Franken stressed that NAEV does not see cryptocurrencies as a long-term store of value comparable to sovereign bonds or real estate. However, in a diversified framework, carefully sized exposures via regulated instruments may add incremental return potential. This reflects a broader trend among institutional investors experimenting with crypto-linked strategies under strict constraints.

International context and institutional crypto tests

Globally, policymakers are also adjusting frameworks for retirement savings. In August, the US administration issued an executive order that opened the door for 401(k) savings and other defined contribution (DC) retirement plans to allocate a portion of assets to digital investments. Moreover, this policy shift encouraged some schemes to conduct their own pilot programmes.

One such DC scheme, referenced by IPE, carried out an extensive programme of testing and due diligence before deciding on a strategic bitcoin allocation. According to Cartwright, one year after implementation the position had grown by 56%. That said, these cases remain exceptions, given ongoing concerns about volatility and regulatory clarity.

For many large institutions, including every german pension fund that is still assessing digital assets, the focus remains on the balance between innovation and prudence. Moreover, schemes must reconcile headline performance numbers with internal risk limits and governance frameworks before committing to scalable positions.

German pension landscape: cautious stance on crypto

Clemens Schuerhoff, managing director at consultancy Kommalpha, told IPE that German pension investors generally remain cautious on cryptocurrencies and bitcoin. In his view, the asset class is largely perceived as highly volatile, speculative, and lacking a consistent pattern of risk-adjusted returns. Consequently, most institutions have so far preferred to stay on the sidelines.

Schuerhoff added that risk management questions are central. Cryptoassets operate on decentralised blockchains that are not directly regulated in the same way as traditional markets. However, this raises issues around counterparty risk, infrastructure reliability and potential default events, especially when using intermediaries to gain exposure.

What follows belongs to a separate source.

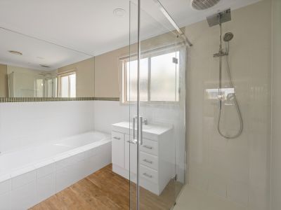 Each of the four bedrooms come complete with built-in robes and ceiling fans, making it ideal for growing families or shared living arrangements. The central family bathroom includes a full-sized bath and an oversized walk-in shower, while gas central heating throughout the home ensures comfort during the cooler months.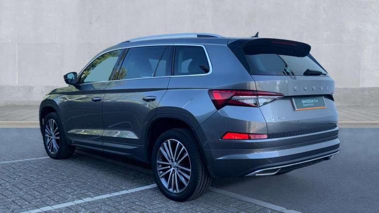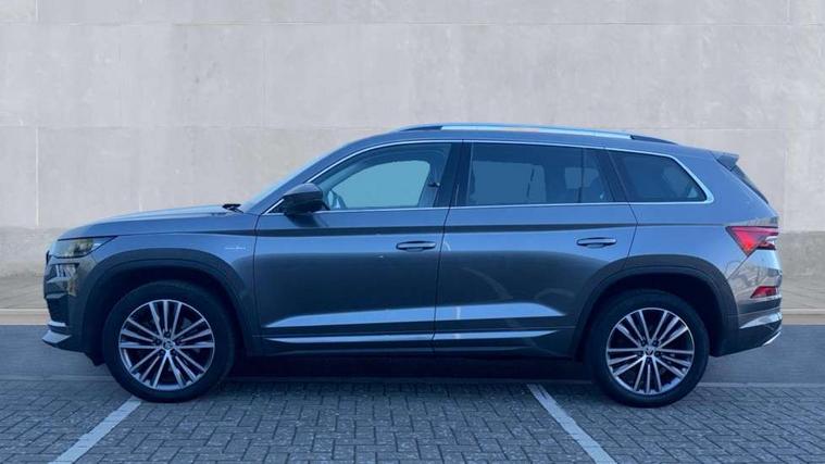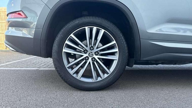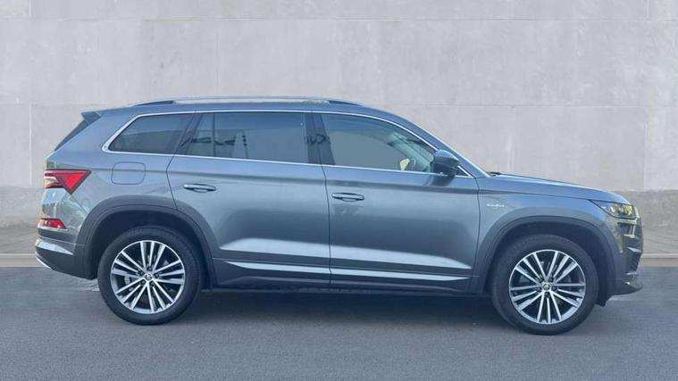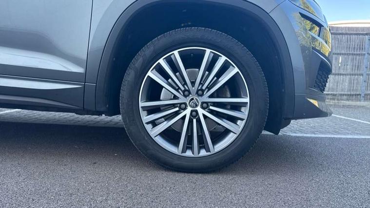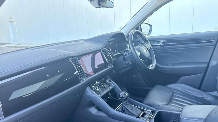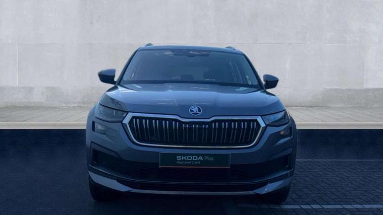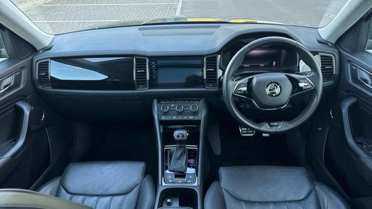 Area view, Bluetooth system, Columbus satellite navigation with 9.2" touchscreen, integrated Wi-Fi, web radio, E-call, ECO Stop/start function, Exterior temperature indicator, Progressive steering, Smartlink wireless for apple carplay and wired for android auto, Speed limiter, Tailgate unlocking from outside, USB C Port x 2 in front centre console, Virtual Cockpit - 10.25" digital display, Wireless charging, Canton sound system, DAB Digital radio, Aero front windscreen wipers with intermittent function, Aero rear window wiper, Auto dimming rear view mirror, Black wheel arch surrounds, Body colour bumpers, Body colour door mirrors and handles, Body colour door panels, Chrome front grille, Chrome roof rails with chrome window surround, Electric front and rear windows, Extended rear spoiler with finlets in gloss black, Front fog lights, Full LED matrix headlights with AFS (adaptive front light system), cornering function and AWL (all weather lighting system), Headlight washers, Heated rear window, Invisible tailpipe, L&K front and rear bumpers including lower rear chrome strip, LED daytime running lights, LED rear fog light, LED third brake light in rear spoiler, Off-road style lower front bumper element, Panoramic sunroof, Privacy glass, Rain and light sensors, Rear LED lights (high functionality) with welcome effect and dynamic indicators, Safety reflectors on front and rear doors, Window control switches with black trim, Without engine designation, 12V socket in boot, 2 rails with 2 hooks, 4 foldable roof handles with rear coat hooks, 60:40 foldable rear seat with sliding adjustment and backrest angle adjustment, Aluminium pedals, Bottle holders in door panel in the 1.5 litre front and 1 litre rear, Cargo storage compartments, Chrome headlight control button, Chrome interior door handles, Coat hooks on B pillar, Covered storage compartment on driver side, Decorative door sills in the front and rear, Front centre armrest with storage compartment, cup holder and 12V socket, Front courtesy lights, Gear shift lever with chrome frame and black gloss insert, Grey stitching in front and rear armrests and door armrests + door inserts, Height adjustable front headrests, Illuminated and cooled glovebox, Illuminated luggage compartment, Isofix child seat fittings in outer rear seats with top tether, Manually adjustable steering column, Net programme in boot (1x horizontal Net, 2x vertical Nets), Overhead glasses storage compartment, Pollen filter, Rear centre armrest with cupholders, Sliding trunk cover, Small Bags on the inner sides of the front backrests, Sunvisors with illuminated vanity mirrors, Three rear height adjustable headrests, Ticket holder on A Pillar, Umbrella in door panel, Variable boot floor, LED Interior light pack - Kodiaq, Auto door release and activation of warning lights in the event of an accident, Driver and front passenger airbag with knee airbag and front passenger airbag deactivation, Electronic parking brake with hill start assist, Emergency rear braking signal, ESC (incl. ABS+MSR+ASR+EDS+HBA+DSR+RBS+MKB), Front assist with autonomous emergency braking, Front side airbags with curtain airbags, Fuel cut off safety device, Height adjustable front 3 point seatbelts + pretensioners, Hill hold control, Rear disc brakes, Safety vest holder in door, Seat belt reminder for all seats, Three point rear seat belts, Two tone horn, Tyre pressure monitor, Alarm with interior monitoring and tilt sensor with safe function, Anti-theft wheel bolts, Immobiliser, Keyless entry and start system (KESSY), Remote central locking with 2 keys, Grey stitching in dashboard, Piano black decorative inserts, Plaquette L&K front fenders, Temporary spare wheel (space saver),

The integration of bitcoin or native tokens into existing risk models is also complex. There are operational hurdles related to the incorporation of granular risk reporting, scenario analysis and the calculation and visualisation of stresses. Moreover, legacy systems at pension institutions are often not designed to capture real-time data for 24/7 markets, increasing implementation challenges.

Regulation, Spezialfonds and packaged exposure

Within Germany, the Fund Location Act (Fondsstandortgesetz) allows Spezialfonds to invest up to 20% of their assets in cryptocurrency. This regulatory framework creates theoretical room for institutions to increase exposure. However, Schuerhoff noted that usage appears limited, with most investors favouring a conservative approach.

He said he would not rule out the possibility that some domestic pension schemes already have small positions in packaged products that reference bitcoin or broader crypto baskets. These would typically be implemented through issuers offering ETPs or ETFs linked to digital assets, instead of direct token holdings. Moreover, such structures can simplify custody, reporting and compliance compared with operating native wallets.

According to Schuerhoff, it remains unlikely that a german pension fund will hold bitcoin directly via a blockchain wallet using private and public keys. The operational, legal and security requirements for such arrangements are substantial. That said, incremental allocations through regulated market instruments may grow if volatility moderates and regulatory clarity improves over time.

NAEV’s measured crypto pilot underlines how institutional investors are experimenting with limited exposure while maintaining a conservative stance. For now, crypto remains a satellite allocation for doctors in North Rhine-Westphalia, but ongoing performance and regulation will determine whether similar schemes scale up their positions.